Audrey Tautou, tout en délicatesse

« Audrey Tautou est un hologramme, elle n’est pas réelle » plaisante Stéphane Foenkinos devant une armée de journalistes un peu intimidés, afin de détendre l’atmosphère avant l’arrivée de la star. Si l’actrice est souvent abonnée aux rôles de girl next door, dans La Délicatesse, des frères David et Stéphane Foenkinos, elle perce l’écran en héroïne éplorée par la perte de son mari, en femme qui va trouver le courage de se battre contre la vie pour se reconstruire. Et puis c’est l’égérie du N°5 de Chanel, la pétillante Amélie Poulain, la petite fiancée française de l’Amérique… Les frères Foenkinos semblent d’ailleurs autant sous le charme de leur actrice que l’auditoire. « Nous avons tout de suite pensé à Audrey lorsque nous avons décidé de porter mon roman à l’écran, d’ailleurs, si elle avait dit non, nous aurions probablement abandonné l’idée car elle est Nathalie (l’héroïne,ndlr) » explique David Foenkinos, auteur du roman que les deux frères ont adapté à l’écran.

Sans crier gare, l’actrice arrive. Et met fin sans attendre aux parallèles faciles: « Nathalie et moi, ne nous ressemblons pas vraiment dans la vie, Dieu merci, je n’ai jamais eu à souffrir des mêmes drames qu’elle » explique-t-elle d’emblée. Ca ne l’a cependant pas empêchée « d’être tout de suite attirée par la fantaisie du personnage, la tristesse de cette femme quasiment poétique« .

Pourtant, on ne peut s’empêcher de penser que Audrey Tautou, « tout en gardant son côté délicat » a insufflé une certaine chaleur à l’héroïne de papier. « Je me suis inspirée de certaines personnes que j’ai vu, et ce qui m’a frappé c’est leur façon de rester digne malgré l’épreuve, de garder une certaine pudeur malgré le chagrin » explique-t-elle.

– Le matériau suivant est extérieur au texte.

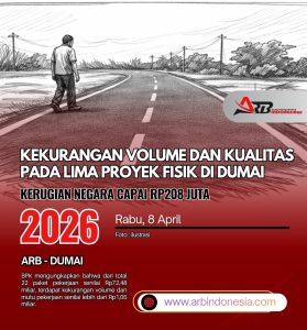 Kekurangan Volume dan Kualitas Lima Proyek Fisik di Dumai, Kerugian Negara Capai Rp208 Juta
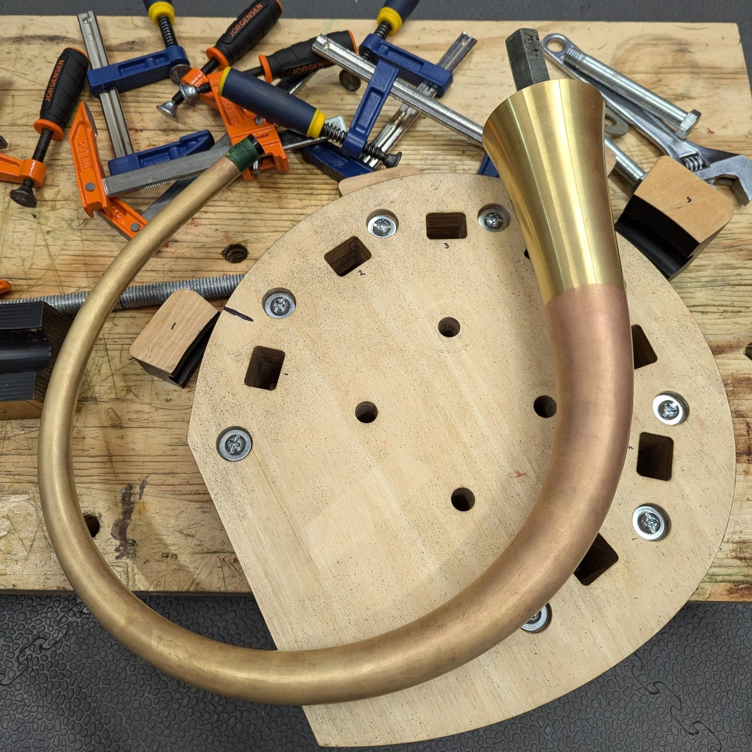 Blue Bend is an innovative new material that I developed to fabricate complex and accurate 3D parts in thin wall brass and nickel silver. While I was trained in traditional methods of bending using pitch, the smell and mess associated with using it became unbearable when I moved to a smaller shop in 2020. After trying Cerrobend and Polybend and even newer resins and frozen mediums, I wasn’t able to find one that gave me the results I was looking for. So, I began my own research and finalized the first recipe in 2022 which I started using in my workshop. After sharing my discoveries with some collegues, the benefits were obvious and I began offering it more widely. Now, in addition to musical instrument makers and tinkerers, other industries that rely on bent tube have added Blue Bend to their workflows, many with great success.

Audrey a ainsi tenu à ce que « Nathalie reste droite devant la douleur et forte devant le malheur« , à ce qu’en quelque sorte le personnage « s’humanise un petit peu, ce qui la rend un peu plus sympathique, le public s’assimile à elle, compatit« .

Un personnage sympathique, certes, « mais pas seulement au sens propre du terme » rebondit Stéphane Foenkinos. Et le couple « improbable » que forme Audrey Tautou et le fantastique François Damiens dans le film y est pour beaucoup également. « Je voulais montrer leur histoire d’amour un peu incongrue de manière très réelle justement » résume David Foenkinos. Les deux personnages ne sont d’ailleurs jamais traités comme des ersatz de « la belle » et de « son clochard » ou du « ver de terre amoureux d’une étoile« . Leur relation peut paraitre étrange au premier abord, mais « l’important c’est que l’on y croit et que cela semble possible dans la vie« . Le vrai message du film n’est il pas alors que malgré les échecs ou les différences, l’amour est quand même possible ? « C’est en tout cas ce que je crois« , conclut Audrey Tautou, « J’aime par dessus tout l’idée que même quand le sort s’acharne et que l’on croit que plus rien de bon ne peut advenir, il existe des surprises qui nous prouvent que c’est faux, des bulles de vie« .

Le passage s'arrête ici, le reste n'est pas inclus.